The apparatus 300 may employ a plurality of external terminals that include command and address terminals coupled to a command bus and an address bus to receive command signals (CMD) and address signals (ADDR), respectively. The apparatus 300 may further include a chip select terminal to receive a chip select signal (CS), clock terminals to receive clock signals CK and CKF, data clock terminals to receive data clock signals WCK and WCKF, data terminals DQ, RDQS, DBI, and DMI, and power supply terminals VDD, VSS, and VDDQ.

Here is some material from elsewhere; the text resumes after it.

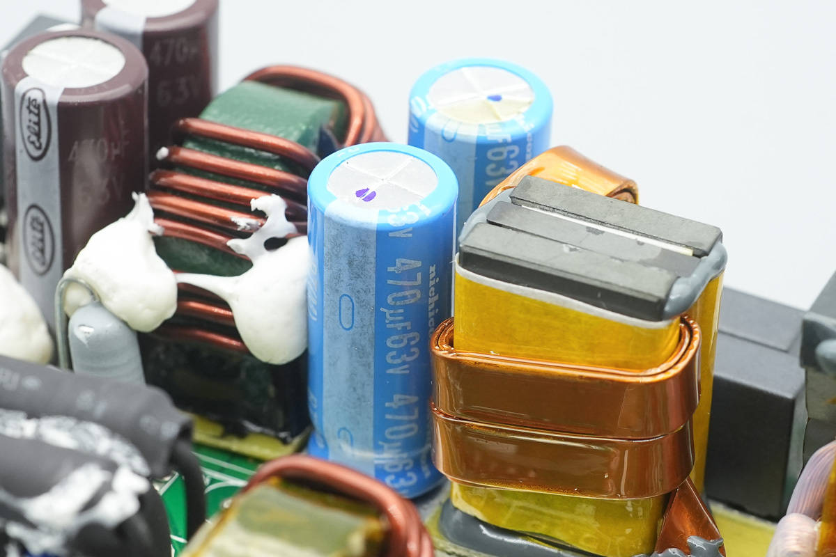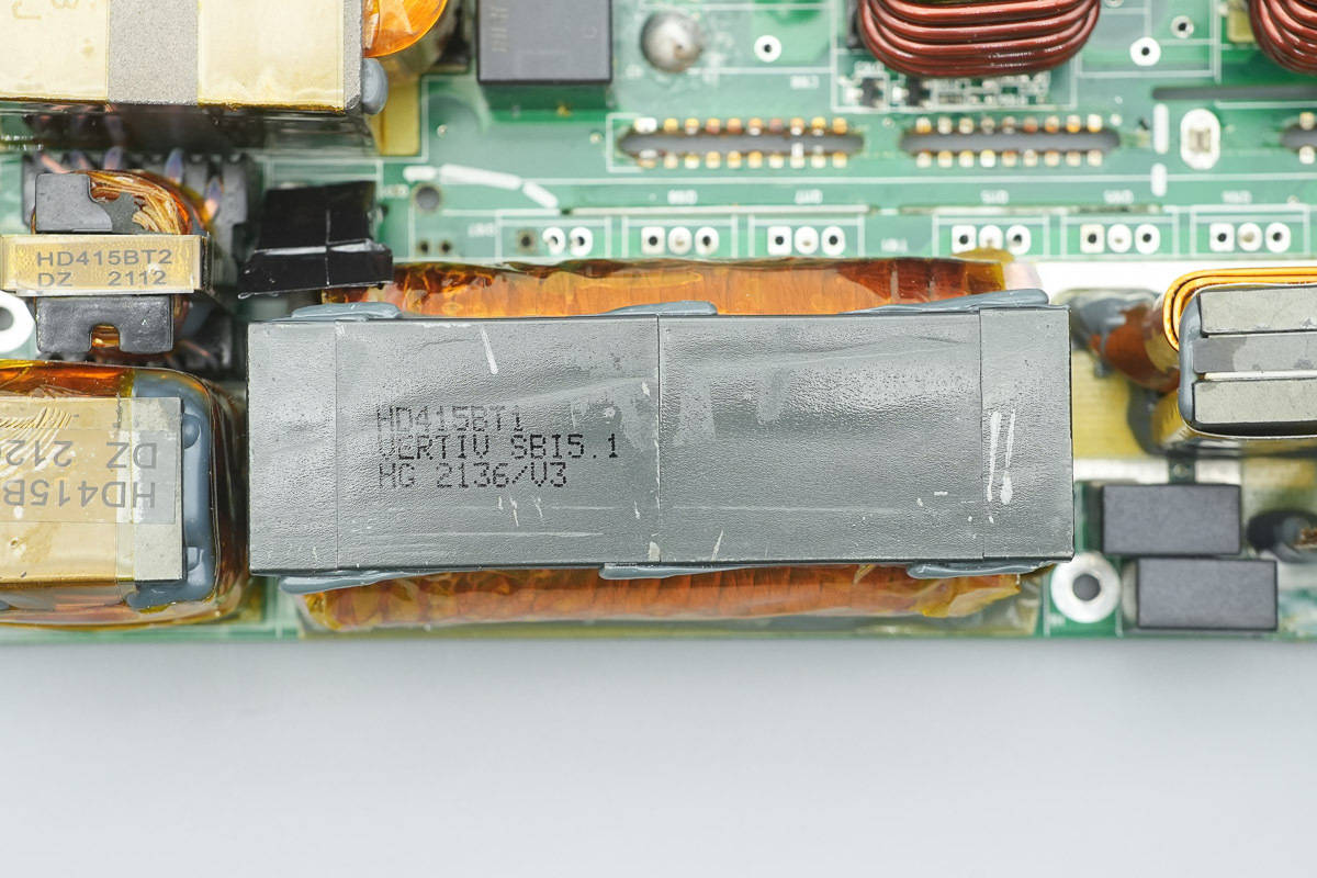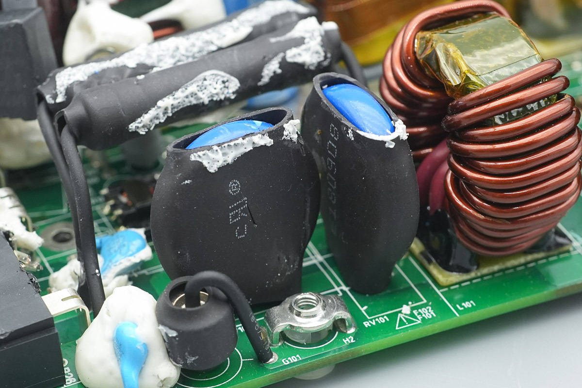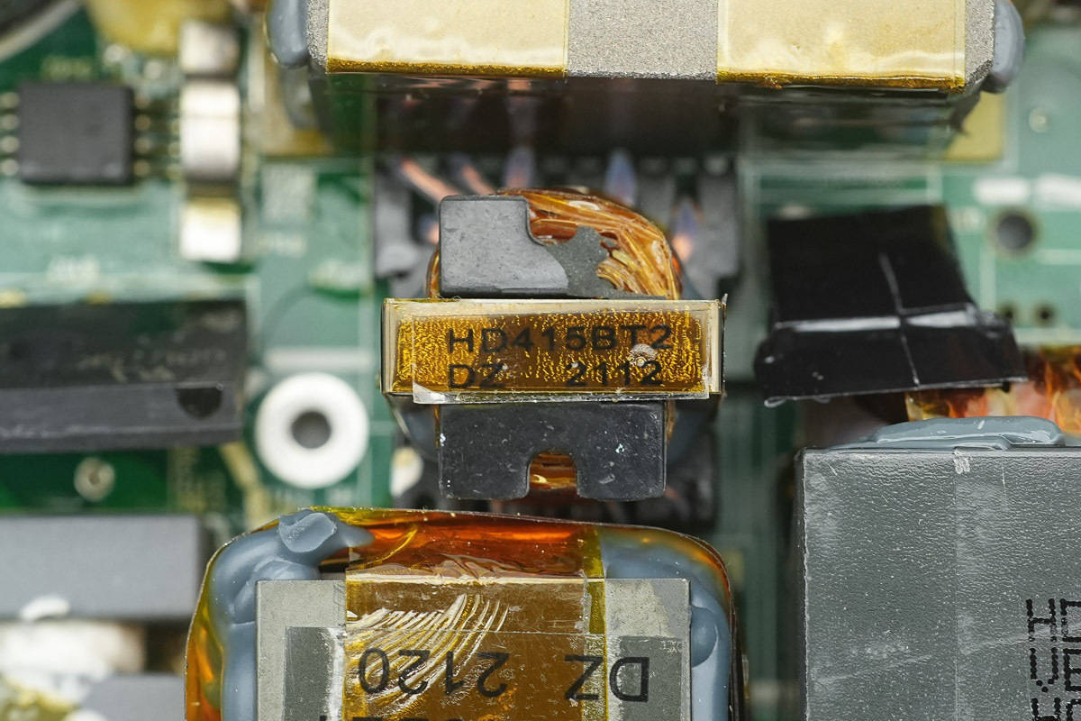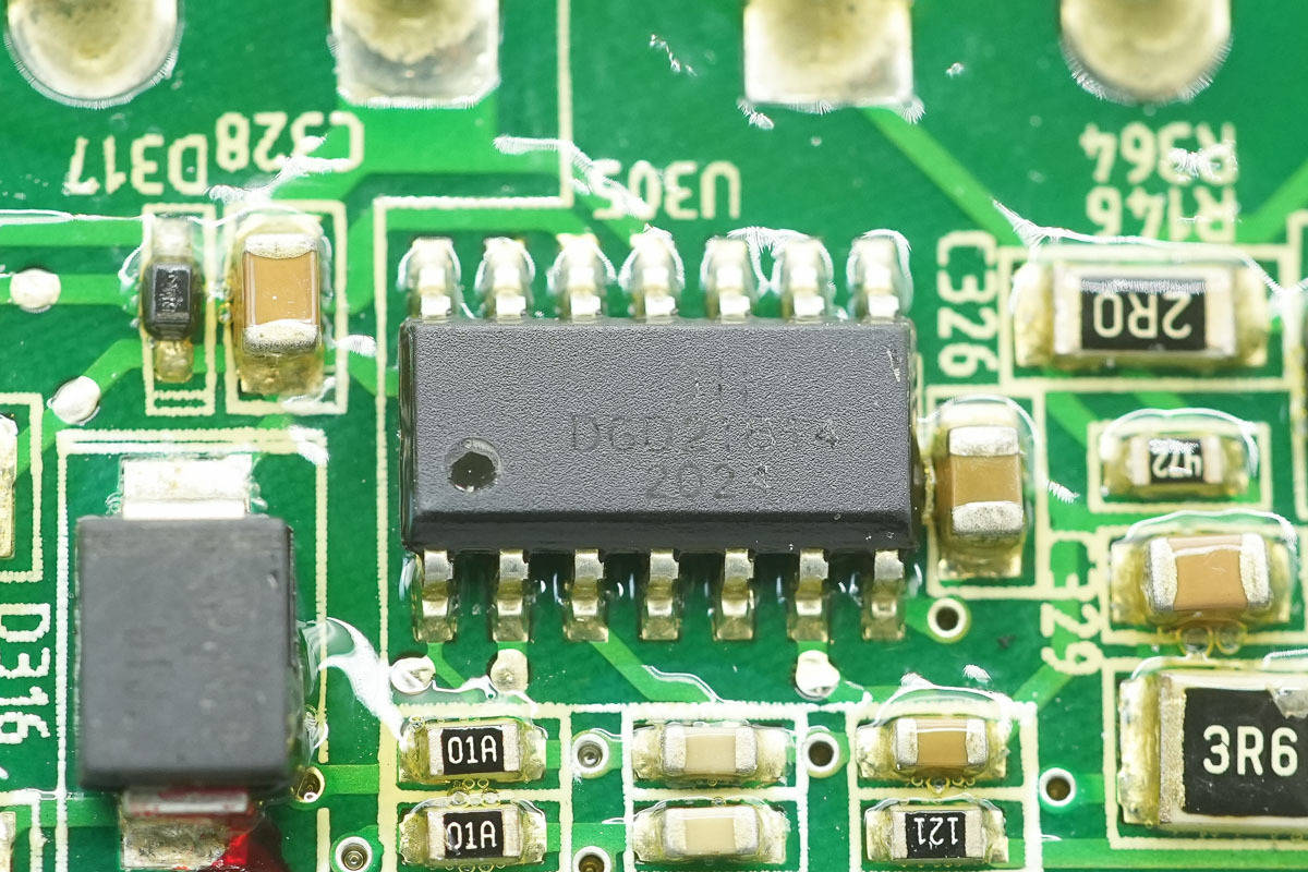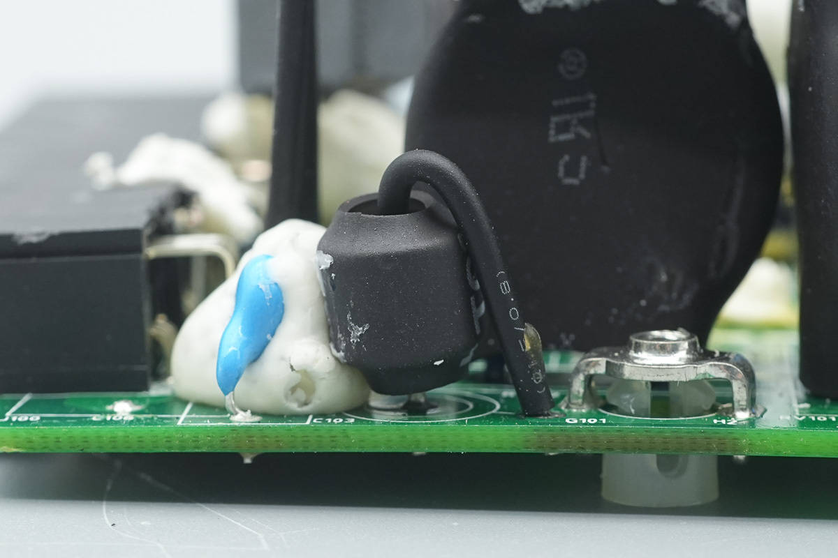 对应PFC开关管和LLC开关管分别使用德州仪器和达尔驱动器,电流和电压隔离采样芯片来自博通。PCBA模块正反面均涂有三防漆保护,元件之间打胶加固,开关管引脚套有绝缘套管,并打胶固定,整体做工用料扎实。

The command terminals and address terminals may be supplied with an address signal and a bank address signal (not shown in FIG. 1) from an outside device (e.g., a host memory controller). The address signal and the bank address signal supplied to the address terminals can be transferred, via a Command/Address input circuit 305, to an address decoder 310. The address decoder 310 can receive the address signals and supply a decoded row address signal (XADD) to the row decoder 340 and a decoded column address signal (YADD) to the column decoder 345. The address decoder 310 can also receive the bank address signal and supply the bank address signal to both the row decoder 340 and the column decoder 345.

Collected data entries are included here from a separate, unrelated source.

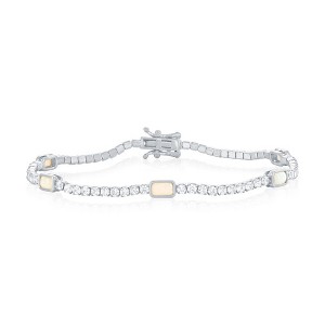 Product Name: Sterling Silver, Rectangle Opal & CZ Bracelet white opal, bracelet, cz, tennis, rectangle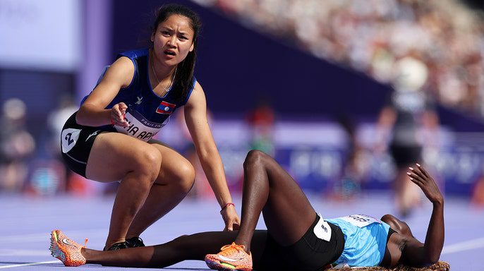 Art of sportsmanship personified as Laotian sprinter turns back to help opponent who collapsed during women’s 100 prelim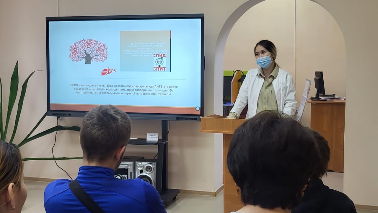 Студенттер алдында медицина қызметкері Зарина Жанатқызы сөйлеп, осы ғасыр дертінің пайда болуы, оны жұқтыру механизмі мен аурудың алдын алу жолдары жайлы айтты. Ол осыған байланысты мысалдар келтіріп, аурудың психологиялық және әлеуметтік салдарларын сөз етіп, жастардың індетпен күрестегі ролін атап өтті.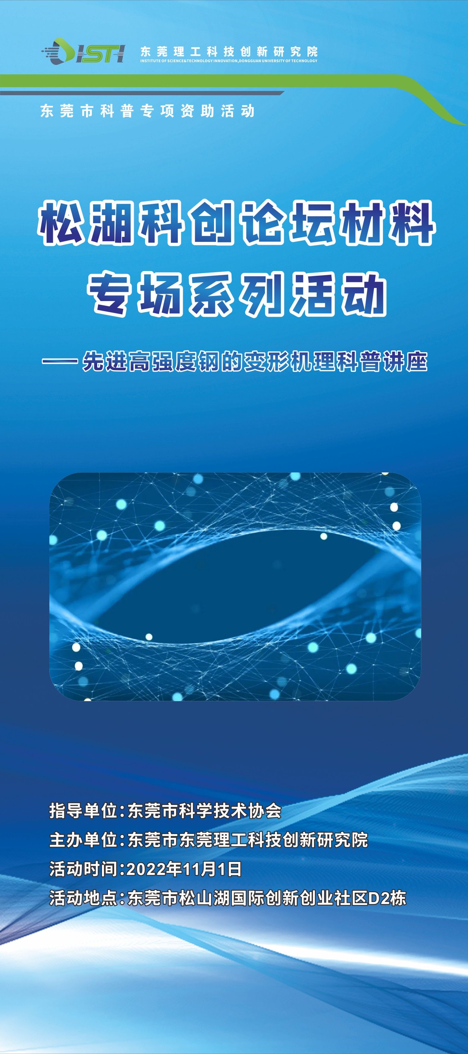 科普活动预告|松湖科创论坛材料专场系列活动之“先进高强度钢的变形机理科普讲座”

The command and address terminals may be supplied with command signals (CMD), address signals (ADDR), and chip select signals (CS) from a memory controller. The command signals may represent various memory commands from the memory controller (e.g., including access commands, which can include read commands and write commands). The chip select signal may be used to select the apparatus 300 to respond to commands and addresses provided to the command and address terminals. When an active chip select signal is provided to the apparatus 300, the commands and addresses can be decoded, and memory operations can be performed. The command signals may be provided as internal command signals ICMD to a command decoder 315 via the Command/Address input circuit 305. The command decoder 315 may include circuits to decode the internal command signals ICMD to generate various internal signals and commands for performing memory operations—for example, a row command signal to select a word line and a column command signal to select a bit line. The command decoder 315 may further include one or more registers for tracking various counts or values (e.g., counts of refresh commands received by the apparatus 300 or self-refresh operations performed by the apparatus 300).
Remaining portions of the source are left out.